In cheminformatics, compound-target binding profiles has been a main source of data for research. For data repositories that only provide positive profiles, a popular assumption is that unreported profiles are all negative. In this paper, we caution audience not to take this assumption for granted, and present empirical evidence of its ineffectiveness from a machine learning perspective. Our examination is based on a setting where binding profiles are used as features to train predictive models; we show (1) prediction performance degrades when the assumption fails and (2) explicit recovery of unreported profiles improves prediction performance. In particular, we propose a framework that jointly recovers profiles and learns predictive model, and show it achieves further performance improvement. The presented study not only suggests applying matrix recovery methods to recover unreported profiles, but also initiates a new missing feature problem which we called Learning with Positive and Unknown Features.

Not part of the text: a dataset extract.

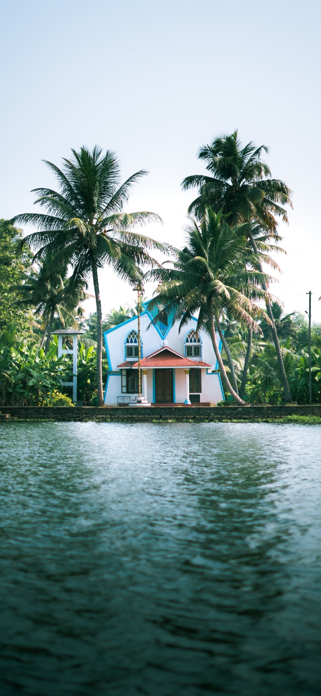 Wallpaper: rest, lake, palm trees - 1080x2340
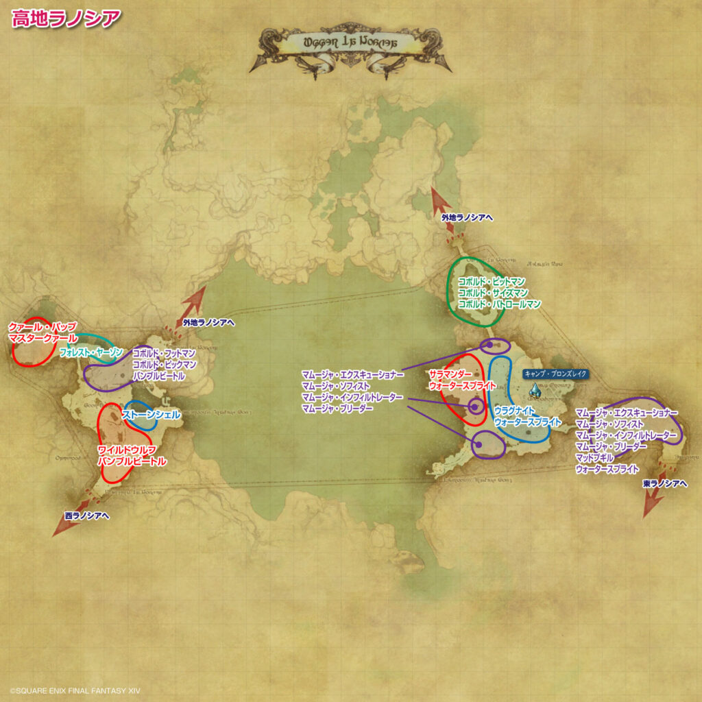 高地ラノシアに生息するモンスターの配置場所とドロップアイテムの一覧を掲載します。

Learning Social Circles in Ego Networks based on Multi-View Social Graphs

In social network analysis, automatic social circle detection in ego-networks is becoming a fundamental and important task, with many potential applications such as user privacy protection or interest group recommendation. So far, most studies have focused on addressing two questions, namely, how to detect overlapping circles and how to detect circles using a combination of network structure and network node attributes. This paper asks an orthogonal research question, that is, how to detect circles based on network structures that are (usually) described by multiple views? Our investigation begins with crawling ego-networks from Twitter and employing classic techniques to model their structures by six views, including user relationships, user interactions and user content. We then apply both standard and our modified multi-view spectral clustering techniques to detect social circles in these ego-networks. Based on extensive automatic and manual experimental evaluations, we deliver two major findings: first, multi-view clustering techniques perform better than common single-view clustering techniques, which only use one view or naively integrate all views for detection, second, the standard multi-view clustering technique is less robust than our modified technique, which selectively transfers information across views based on an assumption that sparse network structures are (potentially) incomplete. In particular, the second finding makes us believe a direct application of standard clustering on potentially incomplete networks may yield biased results. We lightly examine this issue in theory, where we derive an upper bound for such bias by integrating theories of spectral clustering and matrix perturbation, and discuss how it may be affected by several network characteristics.